National Lawyers Guild board member will lead 18-month investigation of regional counterintelligence strategies.
National Lawyers Guild board member Thomas Cincotta will lead Political Research Associates’ (PRA) eighteen-month nationwide investigation of the FBI’s Joint Terrorism Task Forces (JTTF) collaborations with local, state, national, and private entities. As project director, Cincotta will mobilize a team of researchers in targeted locations around the U.S.
“Domestic intelligence gathering can have a profoundly chilling effect on efforts for social change,” said the Rev. Dr. Katherine Hancock Ragsdale, PRA’s president and executive director. “We are eager to put Thom to work so activists and policymakers have the knowledge we need to ensure that all government agencies respect our country’s values and support for liberty.”
In the war against terrorism, the Department of Homeland Security has engaged law enforcement at all levels to gather intelligence and investigate threats to national security, often organized in entities called “fusion centers.” PRA’s project seeks to understand the relationship between these agencies, and how fusion centers implement counterterrorism policies–often obscured from public scrutiny. Researchers will evaluate the extent to which newly expanded initiatives institutionalize the continued monitoring of legal activities, and profile religious, racial/ethnic groups, and people of specific national origin, in order to identify policies that need to be rolled back to protect civil liberties.
Until recently, Cincotta led the Denver chapter of the National Lawyers Guild (NLG) while practicing as a criminal defense lawyer. He led NLG’s efforts to support peace groups and others during the 2008 Democratic National Convention, and connected progressive lawyers with other community efforts around sentencing reform, immigrant rights, and police misconduct. He also represented migrant farm workers and served on the board of El Centro Humanitario, Denver’s first day laborer center. He currently serves on the Guild’s national board and international committee. Before becoming a lawyer, Cincotta worked as a labor representative for UNITE HERE Local 217 in Providence, Rhode Island.

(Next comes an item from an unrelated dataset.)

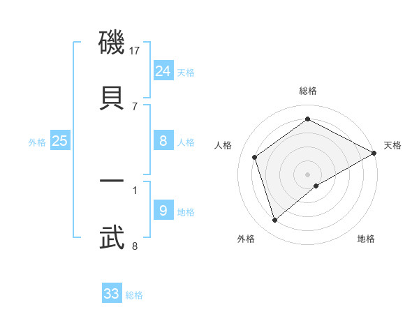 磯貝 一武さんの外格は25画の4点!

PRA’s civil liberties project, supported by major grants from Atlantic Philanthropies and Carnegie Corporation of New York, will map the infrastructure of the regional domestic intelligence apparatus, including relationships between agencies, resources devoted to domestic spying, and the existence–or absence–of oversight mechanisms. The map will be a useful tool for advocates and organizers whose communities are subject to increased government surveillance.